Foreign Minister Penny Wong's measured diplomacy aside, the background conditions for rapprochement had become favourable - a change of government in Canberra and mutual self-interest.
There's some irony that it was Australia's free democratic expression in May of last year that provided the cover for an autocratic Beijing to retreat from its own adolescent bluster.
Under the Coalition, anti-China hawks had competed to see who had the hairiest chest. Peter Dutton probably won that rhetorical arms race with his warning about drums of war.
While Labor was careful not to appear "soft" on China, Wong always believed the relationship could be placed on a more stable, which is to say, pragmatic, footing.
Not that all tensions can be resolved.
"Agree where we can, disagree where we must," is her mantra.

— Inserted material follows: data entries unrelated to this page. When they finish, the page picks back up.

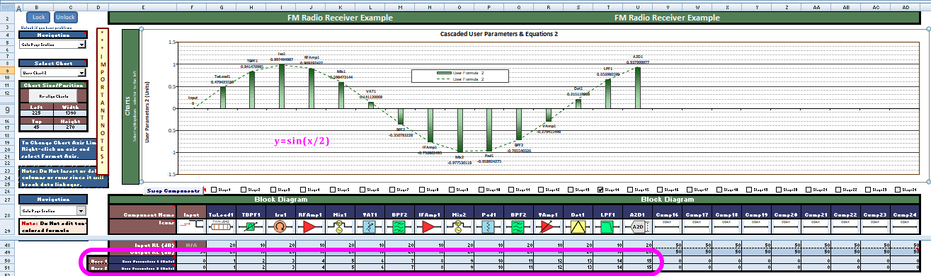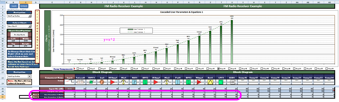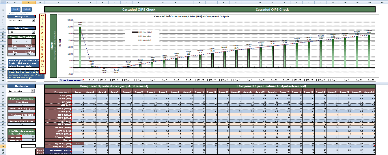 of RF Cascade Workbook for many parameters based on the input values shown in the
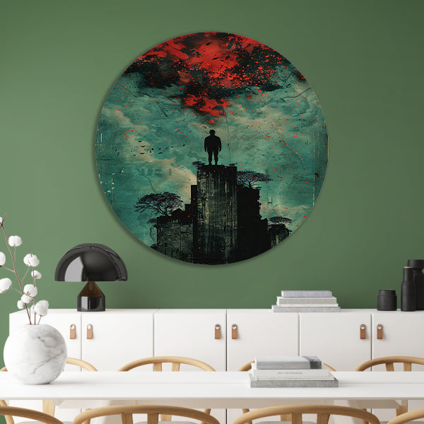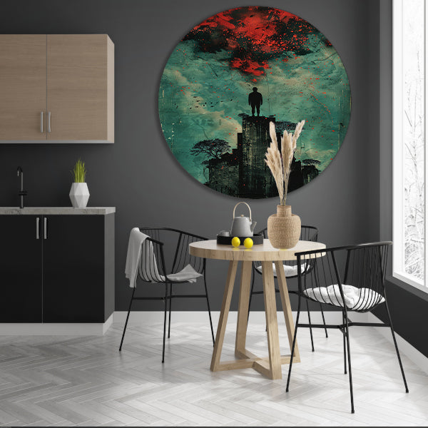 De combinatie van het intrigerende beeld van de eenzame mens in de vervallen stad en de rode lucht zorgt voor een mysterieuze en sfeervolle uitstraling. Voeg een vleugje kunstzinnigheid toe aan jouw interieur met deze prachtige muurcirkel.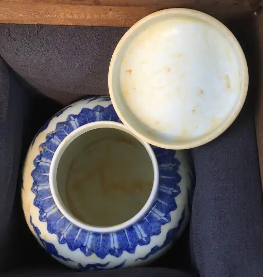 该罐为典型的明代官窑器型,直口短颈,丰肩敛腹,圈足规整,整体线条流畅端庄。器高约18.5厘米,口径9.9厘米,比例协调,兼具实用性与陈设功能。胎体轻薄坚致,透光性强,从内壁可隐约透视外壁纹饰,体现御窑制胎工艺的精湛水准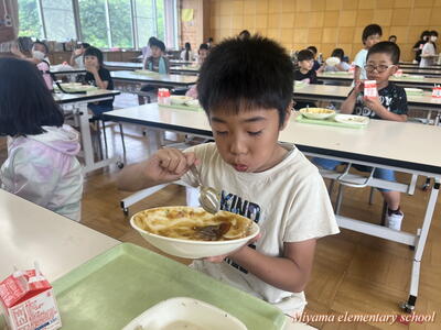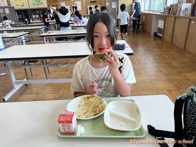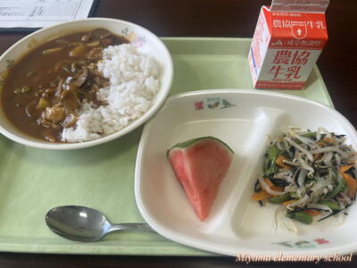 今日の給食は、夏メニューでした。夏野菜カレーにひじきの和え物、そして小玉スイカです。スイカはみんな大好きなんですね。赤い部分をきれいに食べきる子がたくさんいました。「おうちではカブトムシって言われています」という子も。納得です。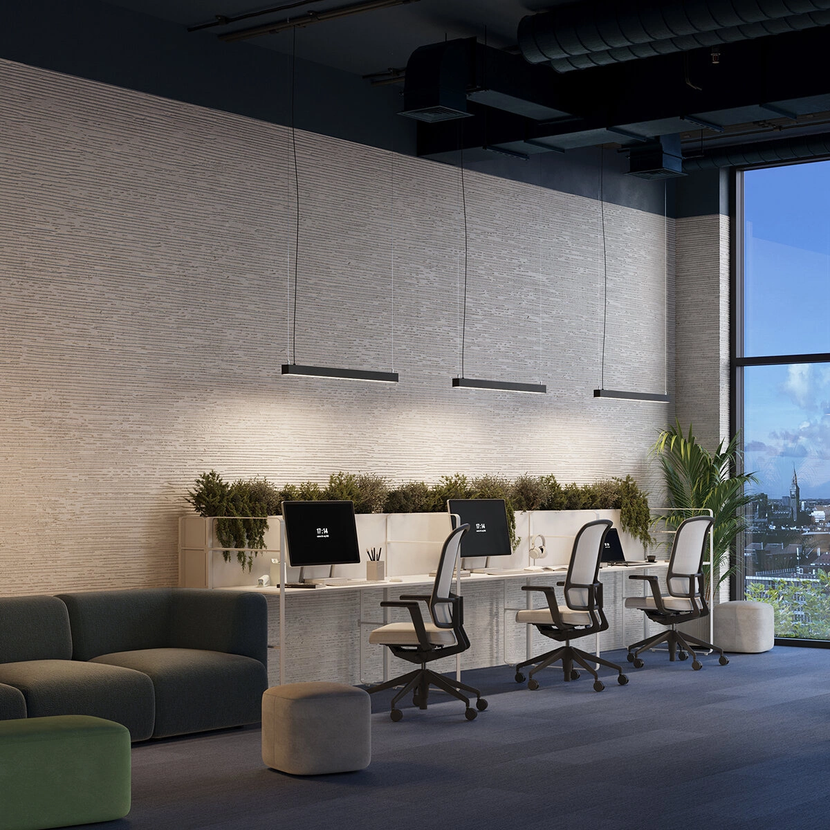 Díky integrovanému LED modulu s neutrálním světlem 4000K nabízí PINNE 200 osvětlení podobné dennímu, které podporuje soustředění i relaxaci. Vysoký výkon 6500 lumenů zajišťuje, že svítidlo spolehlivě rozjasní i větší místnosti – skvěle se hodí jako světlo do obývacího pokoje, nad jídelní stůl, do moderní kuchyně nebo kancelářských prostor. Světlo směřující dolů krásně zvýrazní plochu stolu či ostrůvku a usnadní práci i každodenní činnosti.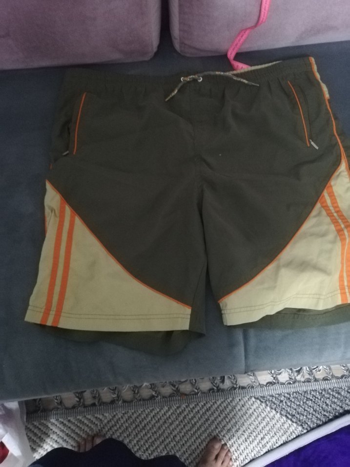 sentetik kumaştan, kemerli ve turuncu detaylı, erkek şort. Sokak stili ve açık hava kullanımı için uygundur.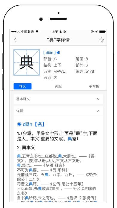4、汉字释义/例句/词语/手写板/拼音/五笔/部首/笔画;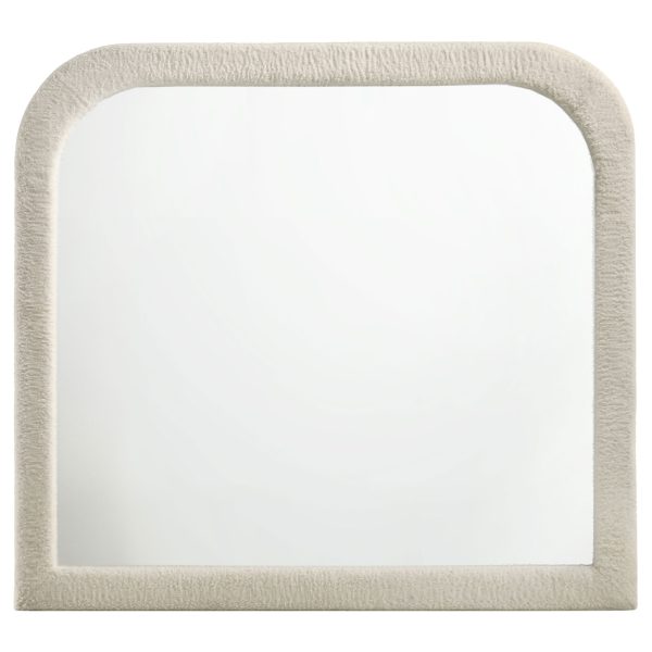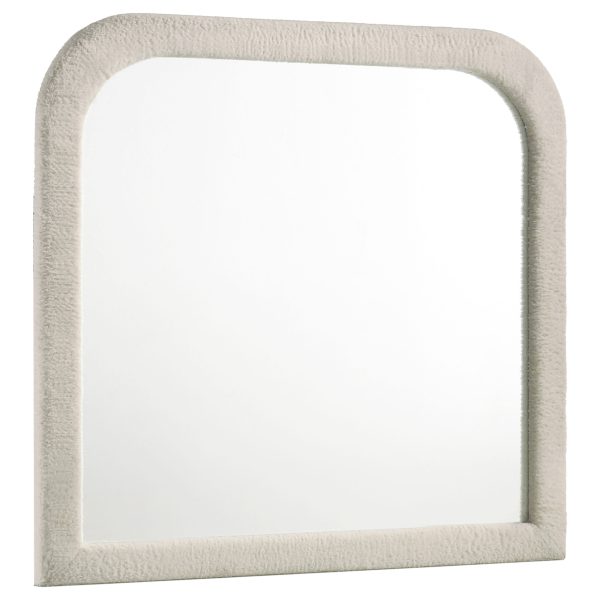 * Dresser mirror features a rectangular silhouette framed in soft ivory boucle upholstery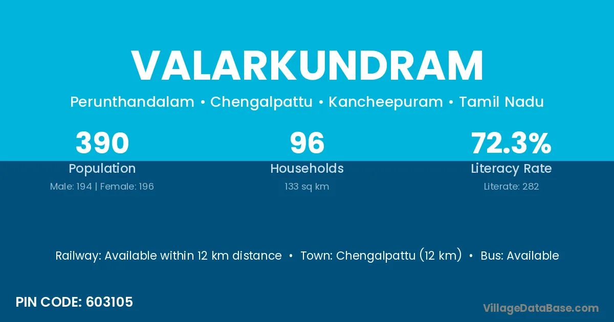 Chengalpattu (12 km) is the nearest town to Valarkundram village for major economic activities and is located approximately 12 km away.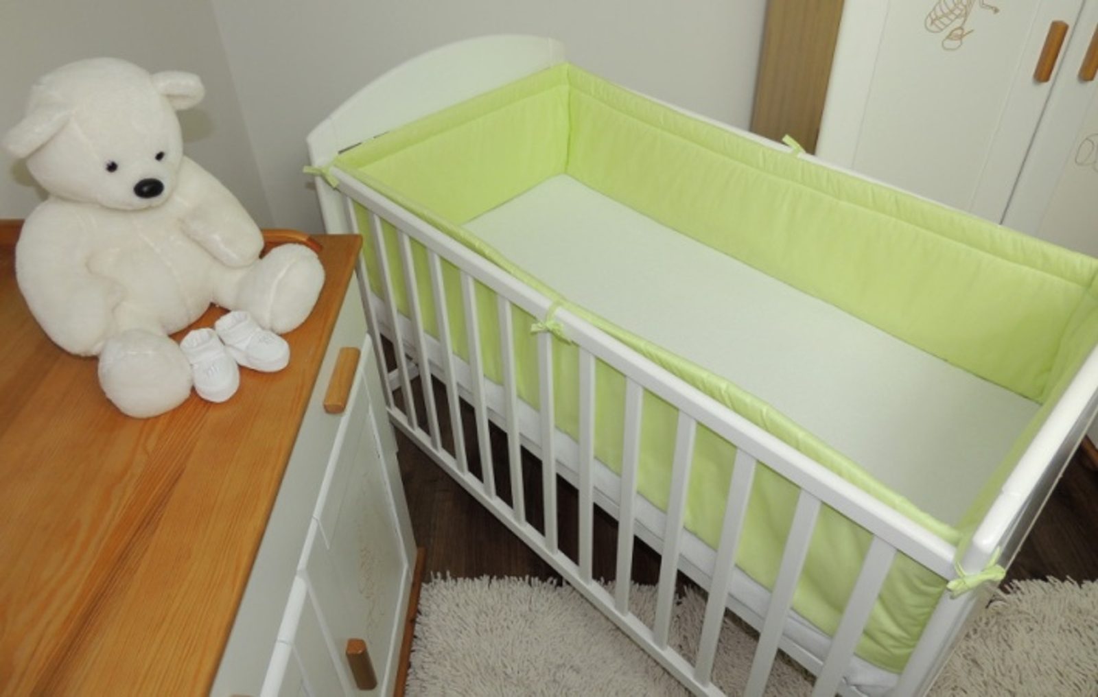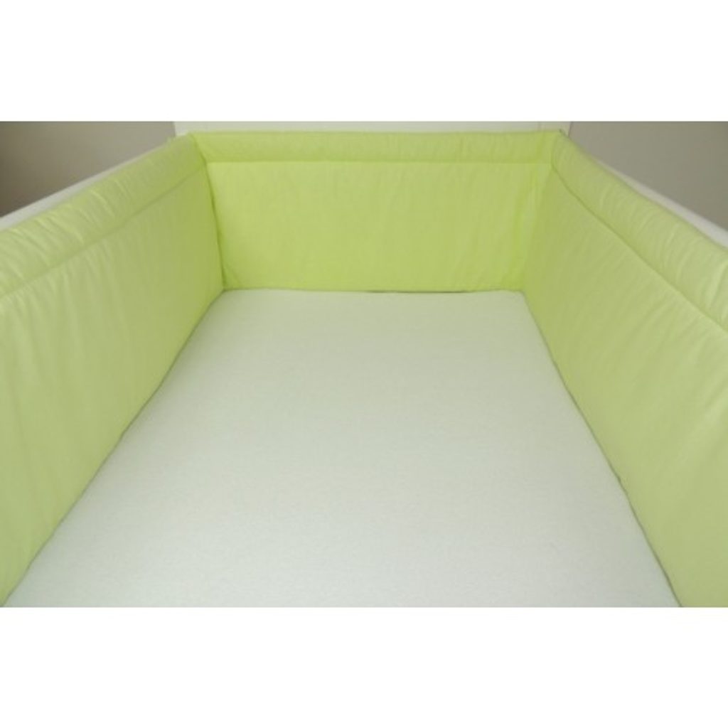 Mantinel do postýlky jednobarevný o délce 360cm (tj. okolo celé postýlky) v ZELENÉ barvě, vhodný do postýlek o rozměru 120x60cm. Mantinel se k postýlce upevňuje pomocí všitých tkanic. Vyroben ze 100% bavlny, s výplní z dutého vlákna. Vyroben z kvalitních a zdravotně nezávadných materiálů.
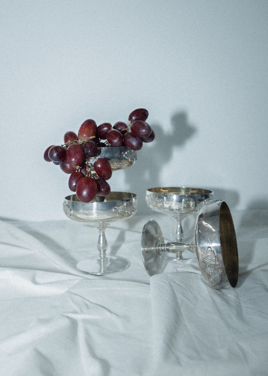 A set of silver coupe goblets, adorned with delicate embossed detailing. Perfect for serving champagne, desserts, or fruits with vintage elegance, equally striking styled together or as individual statement pieces.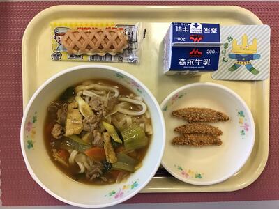 けんちんうどん,牛乳,しらす入りかき揚げ,山元町産桑の葉入り蒸しパン

Literally millions of words have been written in recent years about Xi Jinping's strategic and revanchist aspirations, as well as China's rapid militarisation and bellicose language.
Buttressing these hard, strategic calculations are the much discussed "values" differences. How Beijing oppresses the Uyghurs, crushes dissent, controls the courts, and jails foreign nationals for leverage.
If the strategic dangers of a militaristic China provided the fear factor necessary to ramp up defence spending and justify the radical nuclear pivot under AUKUS, these human rights breaches provided the moral/emotional grist.
Which is why long before the recent freeze, Australian PMs were regularly quizzed after bilateral talks on how directly they had raised Beijing's crimes in Tibet and Xinjiang province, and how squarely we had pushed back over cyber attacks and foreign interference.
These are always valid questions, but their equivalents are never asked about the US, to whom Australia draws ever closer.
This is explained by our "common values" - America being a peaceable, liberal, rule-of-law democracy which upholds human rights, and acts lawfully.
Such assumptions however, bear little scrutiny.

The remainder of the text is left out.